Ringfort (Rath), Cooldurragha, Co. Cork
Co. Cork |
Ringforts
Between the plough-lines of a working tillage field in north Cork, a ringfort sits quietly going about the business of being old.
What gives this particular example its peculiar character is not its earthworks but a well recorded within its banks, a feature that shifted position, at least on paper, between the 1842 and 1937 Ordnance Survey maps. In 1842 it was marked inside the ESE bank; by 1937 it had migrated into the ESE fosse, the defensive ditch. More intriguingly, the OS Memoranda of 20 December 1931 noted that locals were calling the fort "Tober aneeling", a phonetic rendering of an Irish place-name that appears elsewhere as Tubber an eeling. "Tubber" derives from the Irish tobar, meaning a well, suggesting the well was not merely incidental to the site but central enough to name the whole enclosure after it.
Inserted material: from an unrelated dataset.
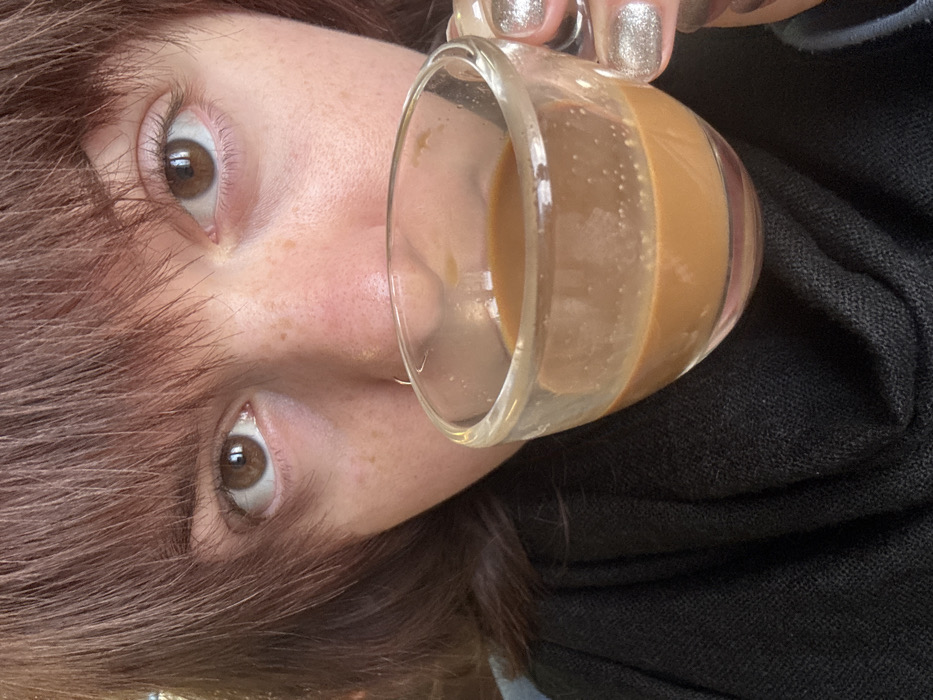 A person with light skin, brown hair, and brown eyes holds a clear glass mug containing a light brown liquid. The mug is positioned near their face, partially obscuring the view. The person wears silver nail polish. A black garment is visible on the side. The image is rotated, displaying the subject at an angle. The person has a nose ring.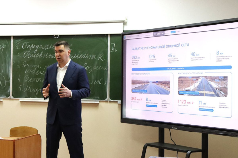 Замминистра и начальник ГКУ «Амурупрадор» Антон Опарин рассказали молодым людям о реализации в области нацпроекта «Инфраструктура для жизни».

The ringfort itself is a fairly typical rath, the term used for an earthen-banked enclosure of early medieval date, generally associated with farmsteads occupied roughly between the fifth and twelfth centuries. This one is roughly circular, measuring 38.3 metres north to south and 34 metres east to west. It has an inner bank rising about 1.2 metres on the interior face, with an intervening fosse, or ditch, reaching a depth of 1.5 metres along the western and southern sections, and a lower outer bank continuing around to the south-southeast. The entrance is a causeway, a raised crossing of the fosse, about 2 metres wide, set into the western side. Trees have taken root on the bank and in the fosse, and the interior is thick with nettles, the reliable signature of a site that has been left to its own devices. About 50 metres to the northwest, in the same field, there is a second circular enclosure, making this a corner of the landscape with rather more going on beneath the surface than the tillage rows suggest.